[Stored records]
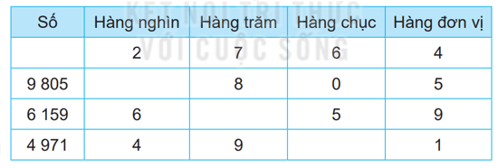 a) Xác định các chữ số hàng nghìn, trăm, chục, đơn vị của mỗi số.
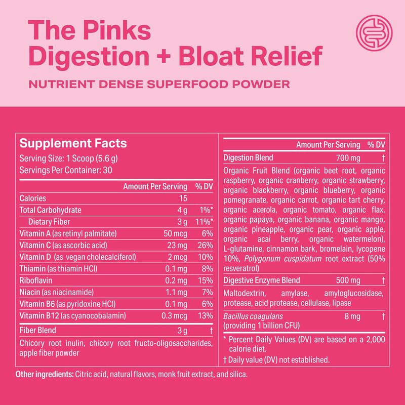 For digestive comfort and wellness, go pink! Proper Digestion and Bloat Relief.
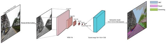 This study implements an FCN fully convolutional network on the ADE20K dataset: input images are isotropically resized to 512 × 512 and ImageNet-normalized, an encoder extracts 1/32-resolution features, a 1 × 1 convolution projects these into coarse 150-class semantic maps, and skip connections combined with 8× bilinear up sampling restore spatial detail, yielding pixel-level semantic predictions at the original image resolution (see Figure 10).
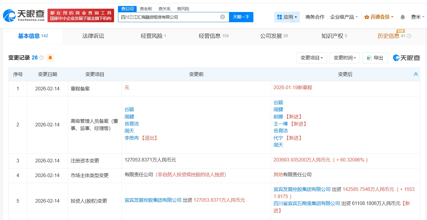 天眼查app显示,近日,四川三江汇海融资租赁有限公司发生工商变更,新增四川省宜宾五粮液集团有限公司为股东,同时,注册资本由约12.7亿人民币增至约20.4亿人民币,增幅约60%。
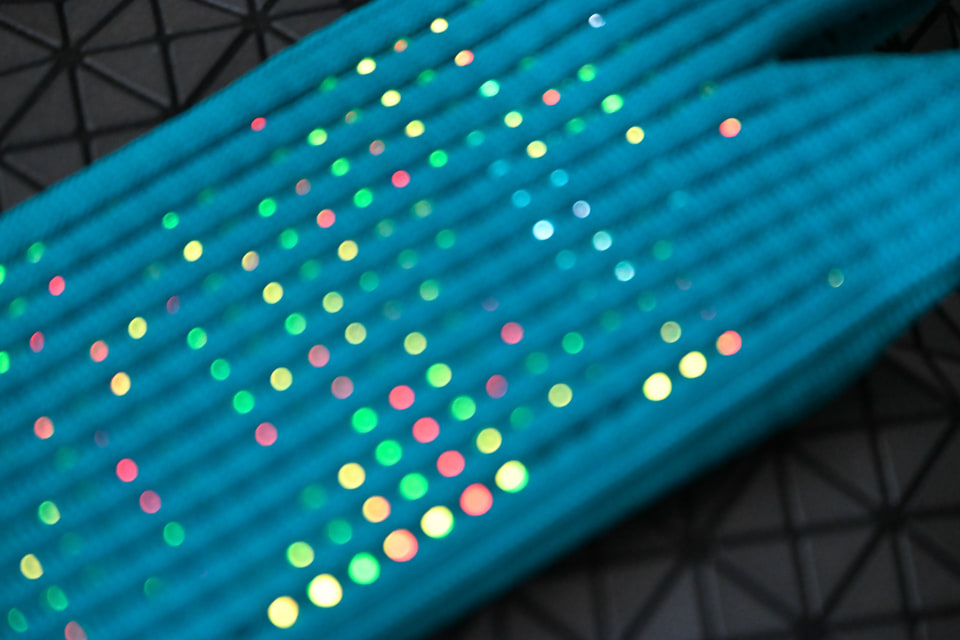 そして、デバイスとの融合をより感じるのが暗い場所での使用時。適度に広がったリブの間から光が漏れ、近未来的な表情を見せるのだ。ハッとするほどの美しい情景は、思わず見惚れてしまうほど。あらゆるシーンで美しくiPhoneたちを身に着けられるのが「iPhone Pocket」なのだ。まさにAppleとイッセイミヤケのコラボだからこそ実現しえたことではないだろうか。
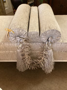 Grey Bench with Two Pillows And Tassels
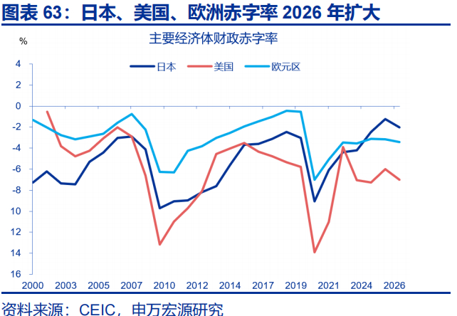 2026年,美、欧、日扩张性财政政策、中美关税冲突阶段性缓和,以及新兴经济体工业化进程的延续等,或致中国出口韧性延续;但需留意出口表现的区域分化。美国通过《美丽大法案》延长并扩大减税规模,扩大国防支出,或拉动GDP增速0.6个百分点;日本高市早苗上台,或带动防务支出扩大、补贴常态化,但支持率及执政联盟并不稳定或拖累财政扩张能力;欧洲财政以德国为代表整体转向宽松,扩大国防、基建与气候支出,但地缘政治影响等仍需观察、高基数不利出口读数。中国对新兴经济体的出口增速仍将保持高韧性、份额继续提升。预计2026年出口增速4%左右。
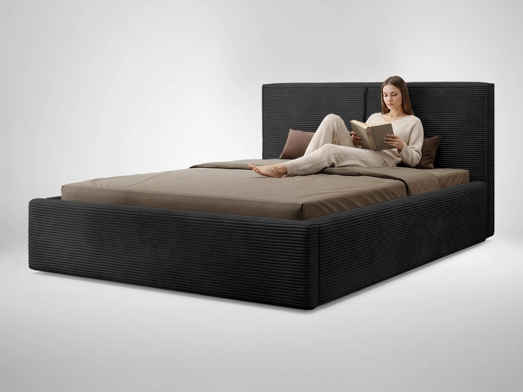 Az Inez ágy egyik nagy előnye a beépített ágyneműtartó, amely az ágyrács alatt található. A felnyitható mechanizmusnak köszönhetően könnyen hozzáférhető, és ideális az ágynemű, a szezonális ruhák vagy egyéb kiegészítők tárolására. Az INES franciaágy luxusos, minőségi Poso velúr kordbársony szövettel van kárpitozva, amely jellegzetes bordázott textúrájával és rendkívüli puhaságával tűnik ki. A Poso manchester szövet légáteresztő, ellenáll a kifakulásnak és a kikopásnak, melynek köszönhetően ideális választás olyan helyiségekbe, ahol a kanapét intenzíven használják. 100 % poliészterből készült, melynek köszönhetően ellenálló, mégis puha és kellemes tapintású. A 380 g/m² grammsúlyának és a 35 000 ciklusos (a Martindale teszt szerint) kopásállóságának köszönhetően tökéletes bútorszövet a székek, fotelek, kanapék és ágyak kárpitozásához. A szövet ráadásul még állatbarát (pet friendly) is, ugyanis ellenálló a szakadásoknak és intenzív használat mellett is megőrzi a kinézetét.
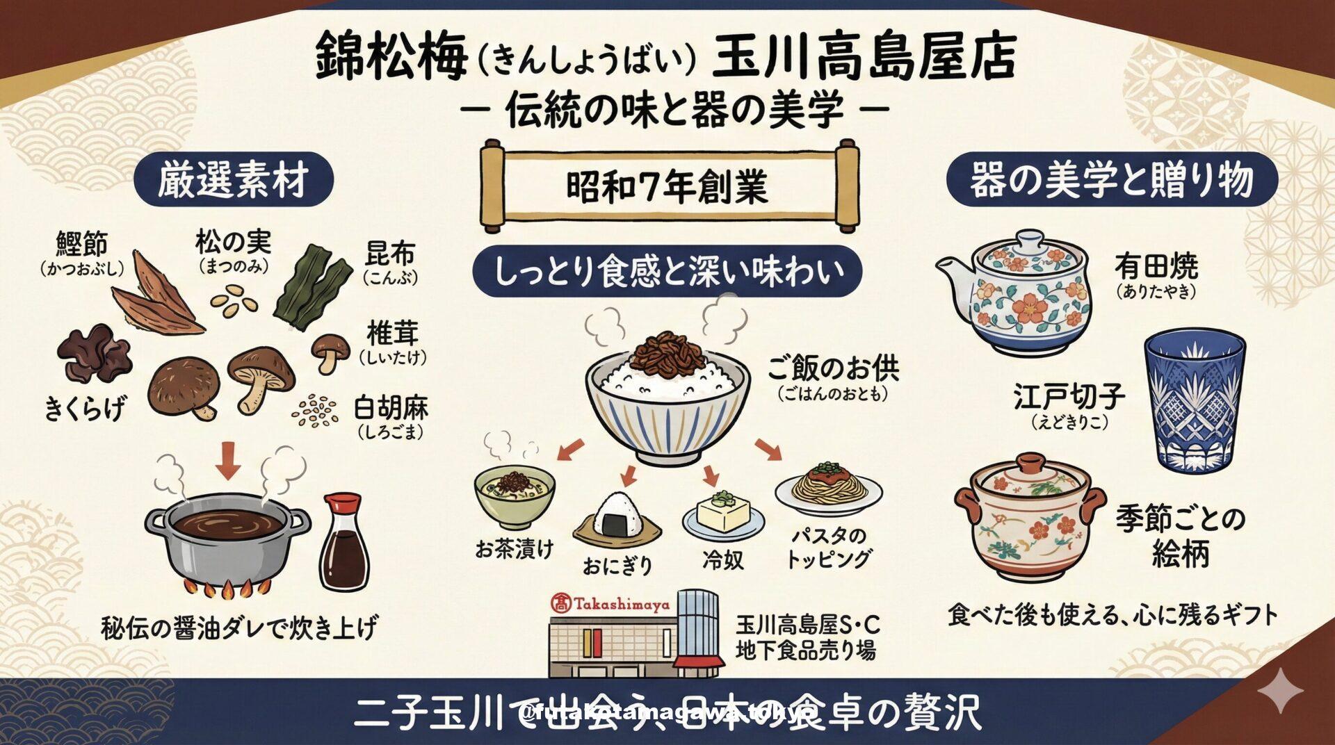写真 ひとこと紹介文 食通に愛され続ける「錦松梅」。鰹節や松の実など厳選素材を使ったしっとり食感のふりかけは、ご飯のお供に最適です。有田焼の器に入った商品は贈り物としても一級品。玉川高島屋店で、時代を超えて愛される伝統の味との出会いを。 地図 AI紹介文(Gemini3編) 日本の食卓を彩る、唯一無二の味わい「錦松梅」 二子玉川駅を降り、玉川高島屋の地下食品売り場へと足を運ぶと、どこか懐かしく、そして凛とした空気を纏う一角があります。それが、昭和の創業以来、多くの食通たちを唸らせてきた「錦松梅(きんしょう ...
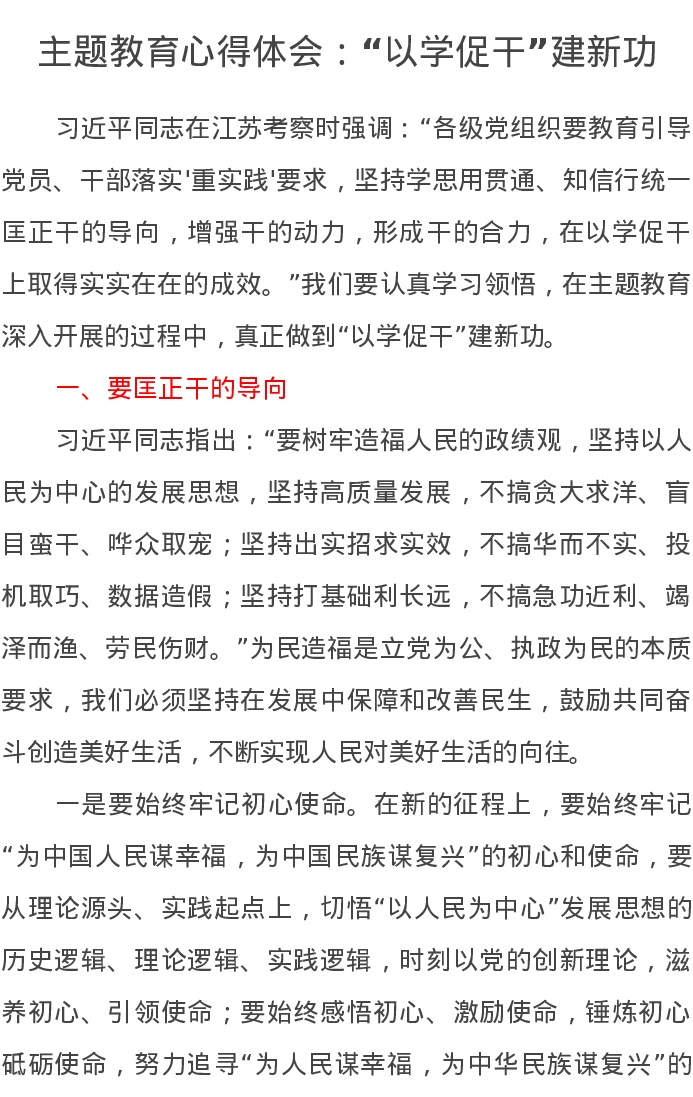 主题教育心得体会:“以学促干”建新功(特色社会主义思想)
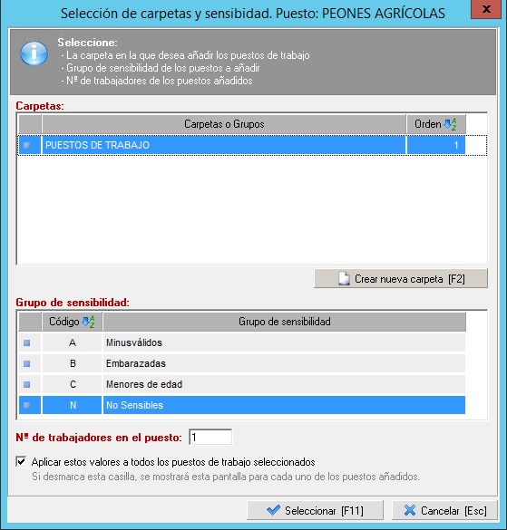 - Añadir puestos de trabajo desde el mantenimiento. Esta opción le da acceso al mantenimiento general de puestos de trabajo para que añada al estudio los puestos que desee evaluar. Estará siempre habilitada. Al añadir los puestos de trabajo desde esta opción, se le solicitará que elija la carpeta en la que quiere ubicarlos dentro del estudio. Si no existe ninguna carpeta, deberá crear una nueva pulsando el botón 'Crear nueva carpeta'. También tendrá que indicar el grupo de sensibilidad y el número de trabajadores que hay en ese puesto de trabajo.
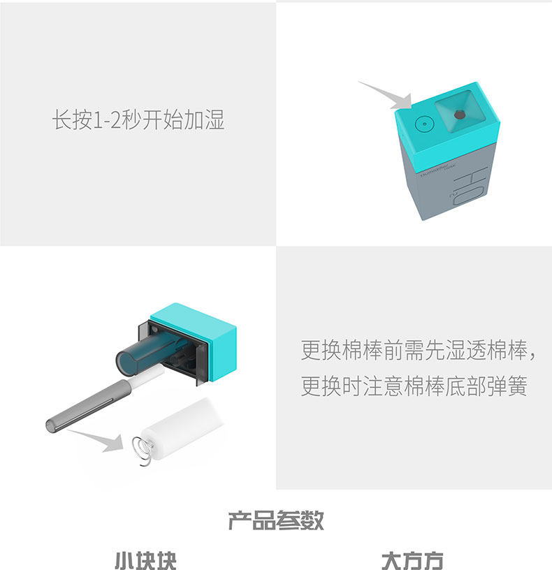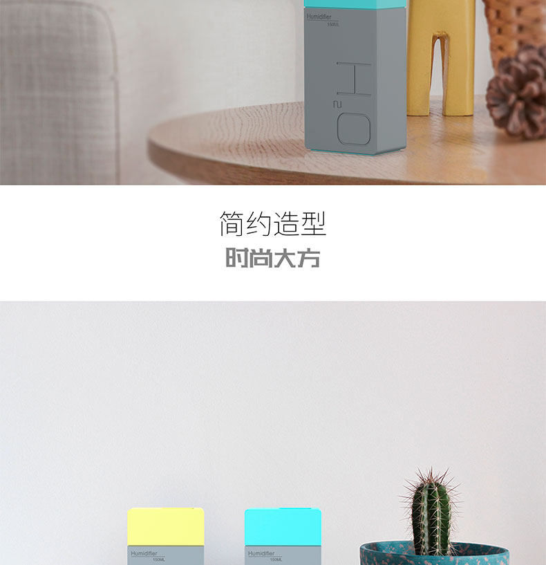 用了一周多才来评价,颜色小清新,造型不占用空间,出雾口不小,放在出雾口还觉得有点凉凉的,开关键灵敏,有USB插电脑上放办公桌上很方便,同事看到还问我要了链接哈哈
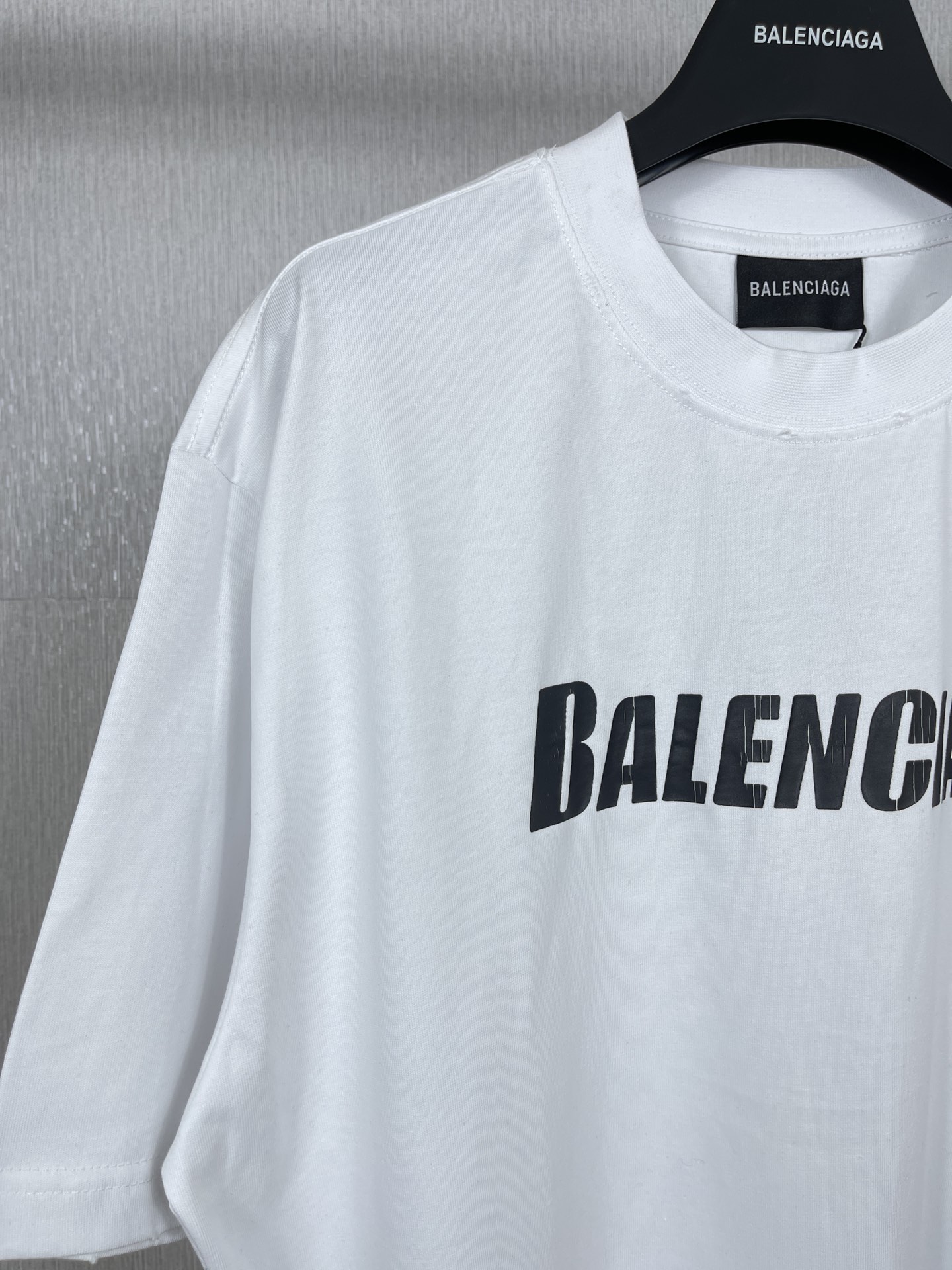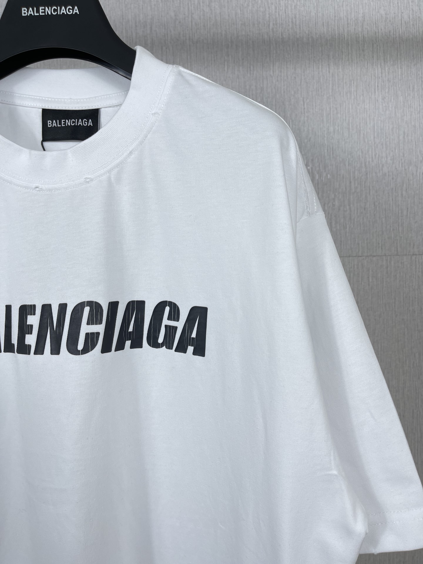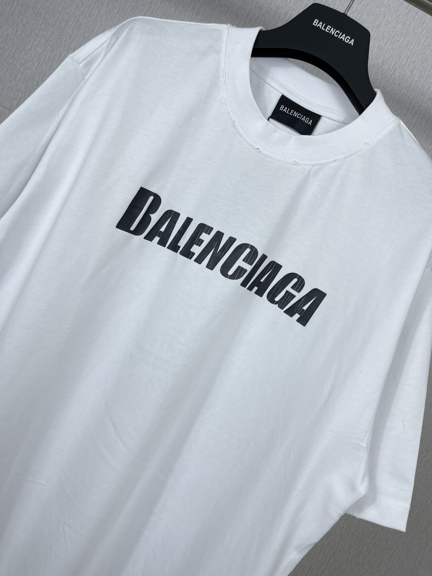 实拍图 顶级版本 官网品质 BALENCI GA 巴黎 2023新款 经典字母LOGO印花做旧磨烂短袖T恤 砖柜同步 面料采用巴黎ZP定织定染全棉双纱紧密棉 克重260克 布面干净 布纹清晰 柔软舒适 螺纹釆用定染无色差 经典图案采用环保进口材料印花 精密印花网板 字母清晰 效果立体 还原砖柜 成衣多位手工磨烂做旧 巨别市场通货 欢迎对比 版型釆用OS宽松落肩版型 男女同款
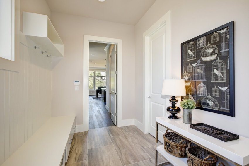 В прихожей всегда собирается много грязи, принесённой с улицы. Поэтому при отделке следует использовать материалы, которые легко будет чистить и мыть.
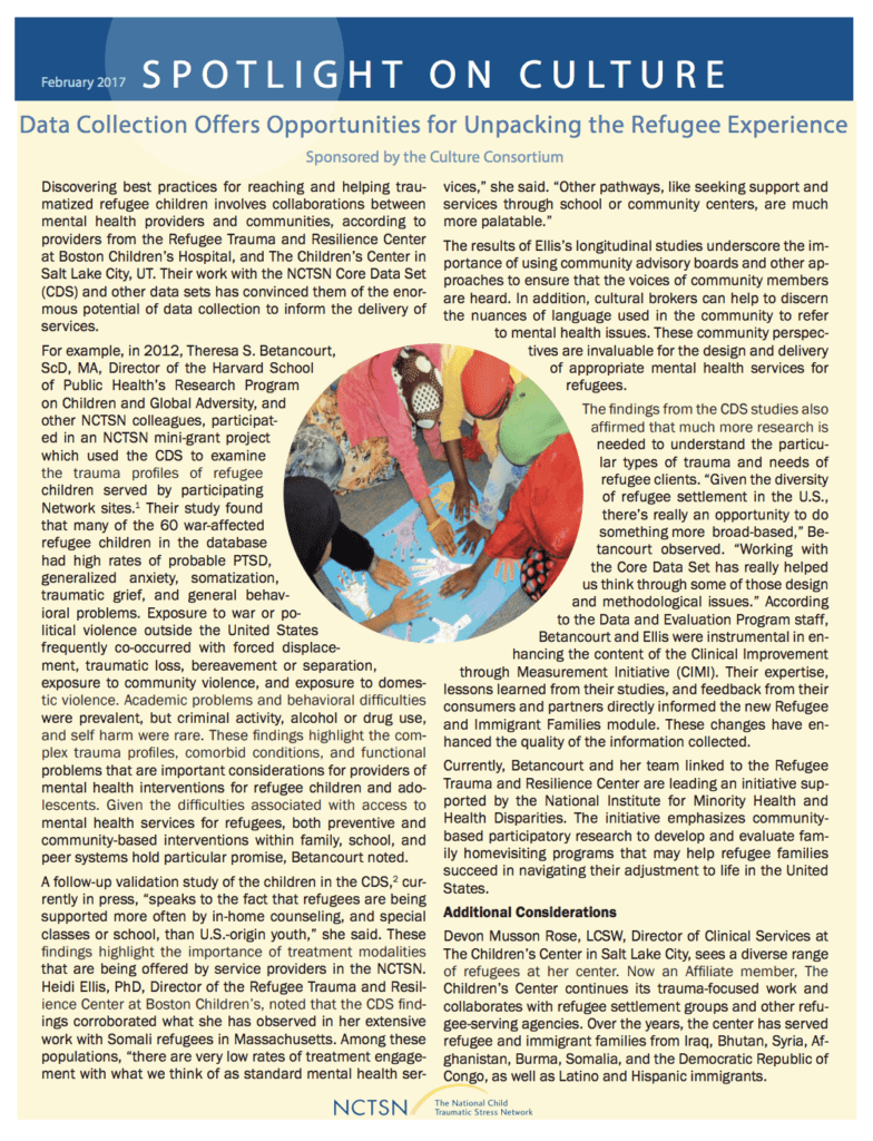 This tip sheet outlines use of data for discovering best practices for reaching and helping traumatized refugee children that involves collaborations between mental health providers and communities. It also describes how, for a few different NCTSN centers, data sets have convinced them of the enormous potential of data collection has to inform the delivery of services.
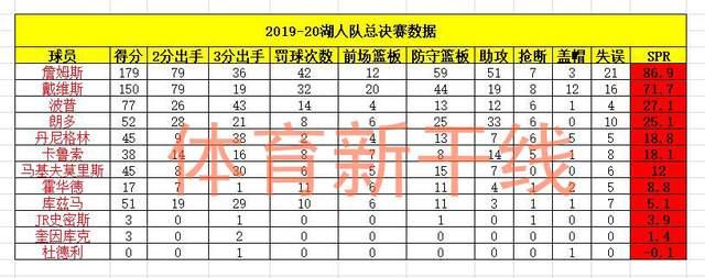 而值得一提的是,作为湖人队对手,热火全队SPR值最高的则是巴特勒,他的SPR值达到90.1,这个数据甚至超过了詹姆斯,所以,如果去年热火夺冠,巴特勒将是无可争议的FMVP获得者,而热火队中位列第二的是邓肯罗宾逊,他的SPR值为42.6,第三则是克劳德,数值为27.2,奥利尼克26.7第四。被认为打出超新星身价希罗,SPR值只有4,位列全队倒数第三。
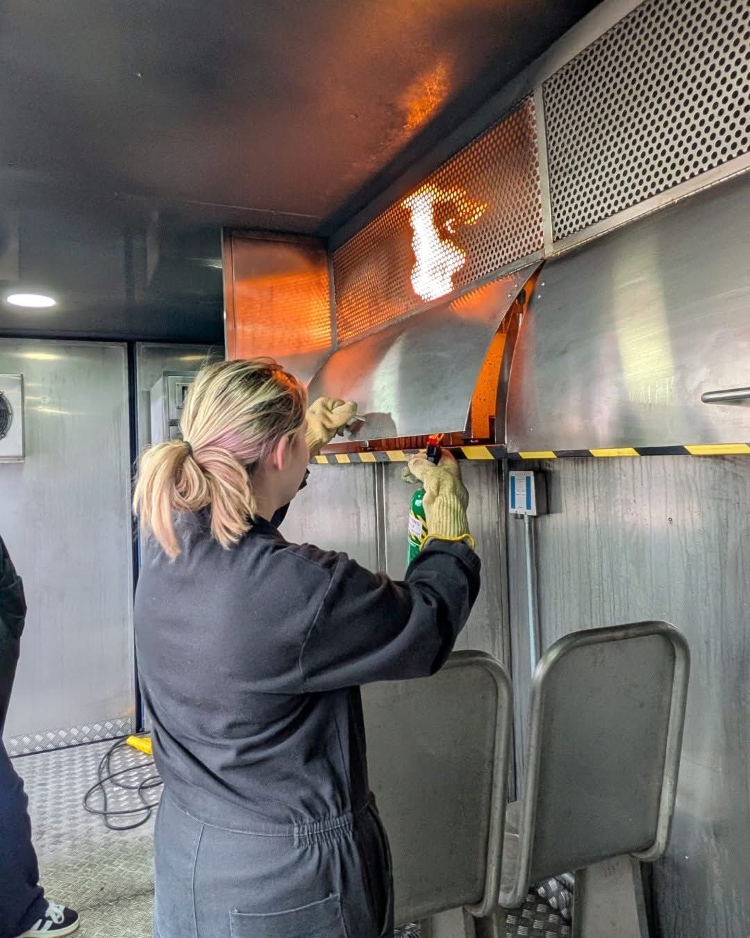 Purpose-built fire rig for realistic firefighting training, enabling crew to develop confidence in handling in-flight fire emergencies.

§ **EXERCISE DESCRIPTION**:
Above are some records; quote exactly and only the lines that begin at the line containing "地図 AI紹介文(Gemini3編) 日本の食卓を彩る、唯一無二の味わい「錦松梅」" and stop after the line containing "而值得一提的是,作为湖人队对", leaving out the pictures.

§ **REPLY**:
写真 ひとこと紹介文 食通に愛され続ける「錦松梅」。鰹節や松の実など厳選素材を使ったしっとり食感のふりかけは、ご飯のお供に最適です。有田焼の器に入った商品は贈り物としても一級品。玉川高島屋店で、時代を超えて愛される伝統の味との出会いを。 地図 AI紹介文(Gemini3編) 日本の食卓を彩る、唯一無二の味わい「錦松梅」 二子玉川駅を降り、玉川高島屋の地下食品売り場へと足を運ぶと、どこか懐かしく、そして凛とした空気を纏う一角があります。それが、昭和の創業以来、多くの食通たちを唸らせてきた「錦松梅(きんしょう ...
 主题教育心得体会:“以学促干”建新功(特色社会主义思想)
 - Añadir puestos de trabajo desde el mantenimiento. Esta opción le da acceso al mantenimiento general de puestos de trabajo para que añada al estudio los puestos que desee evaluar. Estará siempre habilitada. Al añadir los puestos de trabajo desde esta opción, se le solicitará que elija la carpeta en la que quiere ubicarlos dentro del estudio. Si no existe ninguna carpeta, deberá crear una nueva pulsando el botón 'Crear nueva carpeta'. También tendrá que indicar el grupo de sensibilidad y el número de trabajadores que hay en ese puesto de trabajo.
 用了一周多才来评价,颜色小清新,造型不占用空间,出雾口不小,放在出雾口还觉得有点凉凉的,开关键灵敏,有USB插电脑上放办公桌上很方便,同事看到还问我要了链接哈哈
 实拍图 顶级版本 官网品质 BALENCI GA 巴黎 2023新款 经典字母LOGO印花做旧磨烂短袖T恤 砖柜同步 面料采用巴黎ZP定织定染全棉双纱紧密棉 克重260克 布面干净 布纹清晰 柔软舒适 螺纹釆用定染无色差 经典图案采用环保进口材料印花 精密印花网板 字母清晰 效果立体 还原砖柜 成衣多位手工磨烂做旧 巨别市场通货 欢迎对比 版型釆用OS宽松落肩版型 男女同款
 В прихожей всегда собирается много грязи, принесённой с улицы. Поэтому при отделке следует использовать материалы, которые легко будет чистить и мыть.
 This tip sheet outlines use of data for discovering best practices for reaching and helping traumatized refugee children that involves collaborations between mental health providers and communities. It also describes how, for a few different NCTSN centers, data sets have convinced them of the enormous potential of data collection has to inform the delivery of services.
 而值得一提的是,作为湖人队对手,热火全队SPR值最高的则是巴特勒,他的SPR值达到90.1,这个数据甚至超过了詹姆斯,所以,如果去年热火夺冠,巴特勒将是无可争议的FMVP获得者,而热火队中位列第二的是邓肯罗宾逊,他的SPR值为42.6,第三则是克劳德,数值为27.2,奥利尼克26.7第四。被认为打出超新星身价希罗,SPR值只有4,位列全队倒数第三。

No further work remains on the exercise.